When Stanley Kubrick was shooting Full Metal Jacket, he turned Beckton Gasworks into a battlefield in Vietnam
This involved lots of meticulous and seemingly pointless set dressing, including him ramming prop rifles into the mud far away from where any of his shots would be taken. When one of his crew members asked why he would bother dressing a section of the set that wouldn’t even make it into the film, his response was simple:
‘The actors can feel it’
I first read this anecdote at The Design Museum’s excellent Kubrick Retrospective a few years back, and the rest of the exhibition was just one example after another of his near-maniacal devotion to making great cinema: my personal favourite was the copy-written manual for the zero gravity toilet in 2001: A Space Odyssey.
What kind of maniac would bother crafting fifty lines’ worth of manual for a toilet prop that’s only in the film for a few seconds, and which no-one can read? Precisely the sort of person that would make a film like 2001: A Space Odyssey. Kubrick referred to his role as a director as ‘a sort of ideas and taste machine’, and his dedication to his craft was visible in everything from the vast scripts for the Napoleon film he never made, to his rejection notes for poster concepts from one of the greatest designers of his era, Saul Bass.
He would never duck the hard labour required to elevate something to the truly spectacular: when he was brought on-board to direct Spartacus, he read the script and pointed out to the studio that they had contrived to write a film about a gladiator revolt that had no battle scene in it - presumably, because those were the most costly and difficult spectacles to create. They might have been easy to justify removing for studio execs more worried about money than art, but not for a man with a seemingly endless tolerance for difficulty in the pursuit of cinematic brilliance. The rest is history.
Kubrick once said, when talking about what makes a film great, that it needed only two things:
“Truth", the thing that touches you, the thing that you connect with; and “spectacle”. It must grab you by the throat and make you want to watch.
It makes you wonder what he would have thought about generative AI.
Deathmatch: Stanley vs Sora
The array of generative AI tools and the escalating power of what they can do with just a few prompts is increasing exponentially - and it’s made many creative people stare hard at the nature of what they do and ask some difficult questions. The first casualties were writers, many of whom have spent the last year asking themselves what special status their craft deserves when a machine can conjure plausible consciousness out of text.
And now, after the initial deluge of shitty Midjourney comps and crappy video output, we’re starting to see things like Sora, Genie and Runway show where these tools are going to go, with impressive text-to-video production the latest development.

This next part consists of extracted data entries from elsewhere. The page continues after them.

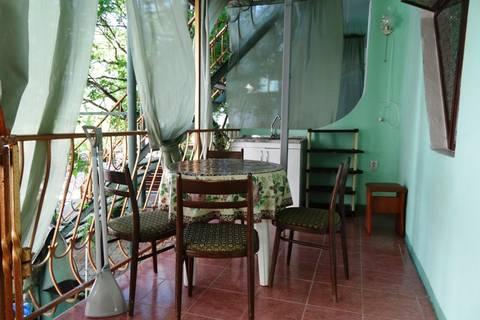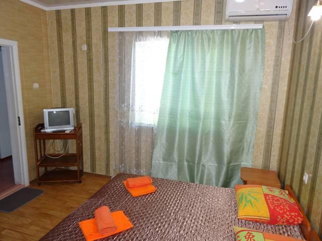 Гостевой дом «Зеленый дом» находится рядом с песчаным пляжем на территории базы отдыха «Прибой» в городе Саки. До центра развлечений, магазинов, столовых, ресторанов, рынка, остановки пару минут ходьбы. До центра города и аквапарка 15 минут езды на автомобиле. Пешком можно добраться до соленого озера. В гостевом доме есть 1, 2х, 3х комнатные номера и двухуровневый со всеми удобствами. Готовить можно на мини-кухне с индукционными плитами и необходимой посудой бесплатно, рядом есть кафе. Территория гостевого дома огорожена и укутана зеленью. Здесь имеется зона для отдыха, в которой размещена беседка и предоставляется мангал. Бронирование по телефону или на e-mail, предоплата 20% от стоимости проживания.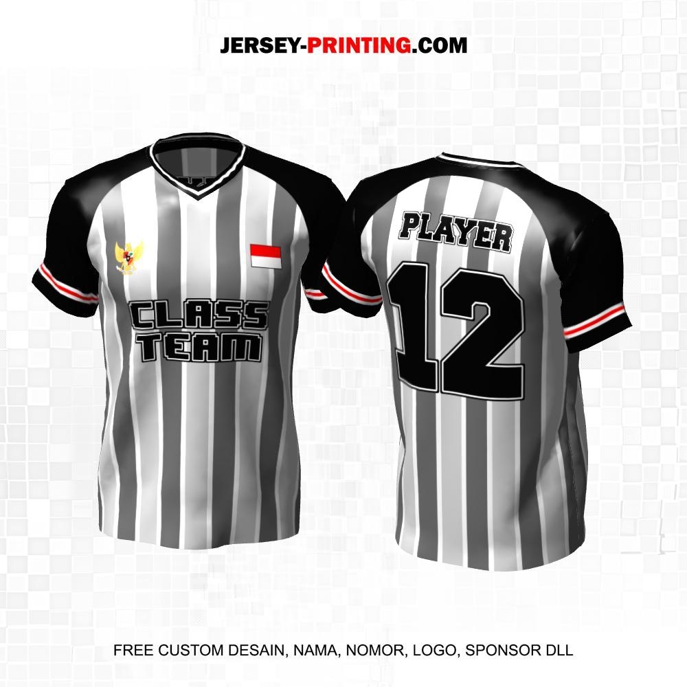 Jersey Kelas Retro Hitam Putih Abu Motif Garis 65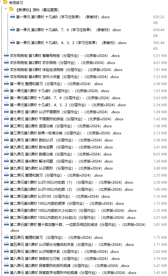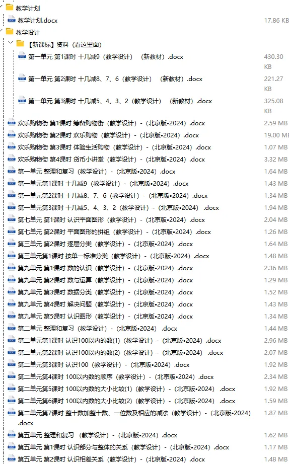 【新教材】2026北京版一年级数学下册 教案+课件+计划+练习+试卷()全册下载

Say what you like about them, but they are a step up in terms of craft, and they don’t look shit. Even if they aren’t subject to Moore’s Law, the creative capability of these things is likely to accelerate.
But in much of the breathless discussion about these generative tools, there seems to be a singular theme: you have only to conceive of something and speak it aloud, and it will do the realising for you.
In the era of AI, we're promised that many forms of creativity will become incredibly frictionless and fluid to realise. They will reduce the drag of creativity, the speed with which you can go from imagining something to realising it, to almost zero. In this model, creativity is merely imagination, and the laborious bringing of any idea to life is an unfortunate bug that any sane creator would automate away given half the chance. Hey presto, we automated the difficult making part! Let the AI Artistic Renaissance begin!
The problem with all of this, of course, is that it totally misunderstands how creativity works.
Making creativity easier won’t always make it better
Creative craft is not the laborious tax needed to bring the pristine imaginary into being - it’s a form of embodied thinking in and of itself. Craft is the way that any idea moves from its original conception onto higher ground that its maker may not have even seen until they set to work. Many writers know, or at least have faith in the notion, that they do not know what they think until they sit and begin to write.
‘A writer is one to whom writing comes harder than anyone else’ - Thomas Mann
In crafting an idea via words, instrument, or hammer and chisel, its maker will meet its limitations and its hidden depths, and be able to examine it from fresh angles. It no longer lives as something pristine and untouchable in their heads, but becomes real. Bands find new versions of their songs live, sculptors don’t always know what they are making until it emerges. In revising the work we are shaping it and re-imagining it.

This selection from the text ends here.